Зигурд тоже получал раз в месяц посылку от родителей, обычно с каким-нибудь копчёным мясом. Эти два посылочных дня стали главными событиями нашей жизни.

Случались в нашем распорядке и другие неожиданности, не всегда приятные.

Иногда гас свет: перебои с электричеством в наших краях были делом обычным. Ночью это ошеломляло. Мы привыкли к свету круглые сутки, и поразительно было, до чего темна темнота. Похожее я испытал лишь однажды, в студенческой вылазке по пещерам, когда мы с приятелем заблудились и погасили фонарь – ненадолго, чтобы сберечь батареи.

В такие минуты надзиратель обходил камеры и раздавал свечи. Задуть свечу, как мне объяснили, было карцерным нарушением.

Карцеры я видел снаружи – они были в подвале корпуса между зданием управления и бараком рабочей зоны, – но внутри не бывал. Зигурд, по своему ли опыту или с чужих слов, я так и не узнал, говорил, что они наполовину в земле, с единственным окошком поверху для света и воздуха. Из обстановки – одна деревянная лавка. Одеял нет.
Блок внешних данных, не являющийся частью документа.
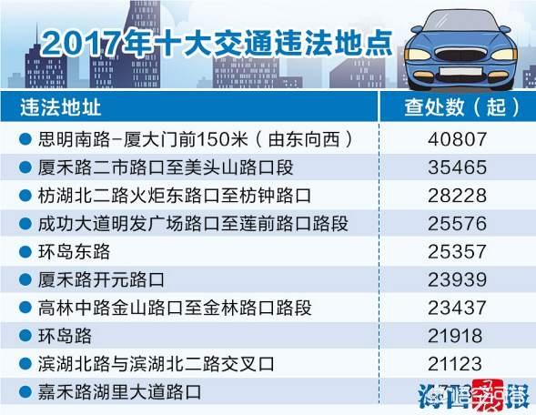 从厦门交警那边了解到,2017年厦门主要交通违法行为是“在禁止停车的道路上停车”,2017年共有141.5万多起。而交通违法行为高发地则是思明南路-厦大大南校门前150米(由东向西)。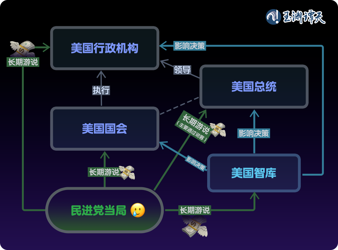 谭主梳理了一张民进党当局渗透美国涉台决策的流程图: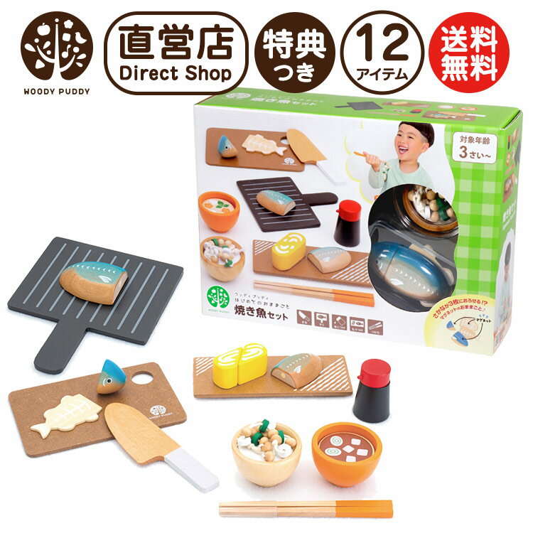 【ウッディプッディ公式直営店】 はじめてのおままごと 焼き魚セット(特典つき)【WOODYPUDDY 木製 食器 マグネット 野菜 ウッディプッディ 食材 おままごとセット 知育玩具 キッチン 子供 】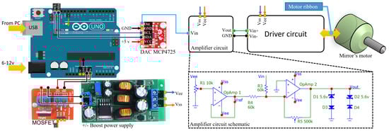 To keep the design simple and with a fast design-implement cycle, we rely on typical desktop computer (PC) to perform most of the functionalities (indicated in Figure 3) including: pre-processing, storage, user interface, and high-level controlling. Accordingly, the required electronics hardware is primarily used to translate the PC commands to a deflection of the mirror angle. The interface is performed through a standard emulated serial port over USB using the popular (and very low cost) Arduino Uno development board. The board is in turn connected to a digital-to-analog converter (DAC) which has a high resolution of 12-bits, and the interface between the Arduino and the DAC is through the standard IC protocol. To further cut the development time, we utilize the popular MATLAB environment which has built-in functions for sending IC commands. As such, the desired value of the DAC can be directly issued by a MATLAB script without the need to develop a custom firmware for the Arduino. The selected DAC is MCP4725, which is widely available and has a full rail-to-rail 0 to 5 V range; however, typical galvo controllers on the market accept a different input range from −5 V to +5 V. Accordingly, the only needed circuitry to be developed is a simple amplifier that converts the 0–5 V signal into −/+5 V, which is shown in Figure 6 along with the simplified schematic diagram of the controller.

И никаких удобств.

Как-то поздним вечером, недели через две-три после прибытия во Владимир, я узнал, чего заключённый боится больше всего на свете.

Зигурд уже спал. Я, как всегда, беспокойно ворочался – и вдруг потянуло едкой гарью.

– Зигурд! – крикнул я. – Что-то горит!

Что бы это ни было, горело не у нас. Запах гари усиливался, послышался топот; вскоре его заглушили крики и стук в двери из других камер.

Настоящей паники я до тех пор не знал. Даже то, что я пережил, когда решил, что не выберусь из падающего U-2, с этим не сравнилось. Здание старое, полы деревянные, мы заперты, и выйти невозможно.

Через какое-то время едкий запах ослаб, и в корпусе наконец снова стало тихо.

Наутро Зигурд, хотя, я уверен, уже знал ответ, спросил надзирателя, что случилось.

Один из заключённых сошёл с ума и поджёг свой матрас.

Хотя американских газет и журналов мне не давали, мы довольно регулярно получали «Правду» и французскую коммунистическую «Юманите», а изредка американский «Уоркер» и британскую «Дейли уоркер».

Из этих двух я предпочитал британскую. Пропаганды в ней было ровно столько же, зато были и прямые сообщения агентства Рейтер.

Что до двух первых газет, они играли в нашей жизни особую роль.

Русские папиросы можно было купить в ларьке, а американские сигареты я получал в посылке из посольства, но, кроме того, раз в неделю каждому заключённому выдавали несколько унций махорки – грубого табака из перемолотых стеблей – на самокрутки.

В тюрьме была поговорка: «Правда» лучше всего годится на курево, «Юманите» – на подтирку.

Так что и от коммунистической пропаганды бывает польза.

Глава одиннадцатая

Двадцать первого сентября мне объявили, что я могу писать четыре письма в месяц. Сначала я решил так: два Барбаре, одно родителям, а четвёртое писать по очереди сёстрам, каждый месяц другой.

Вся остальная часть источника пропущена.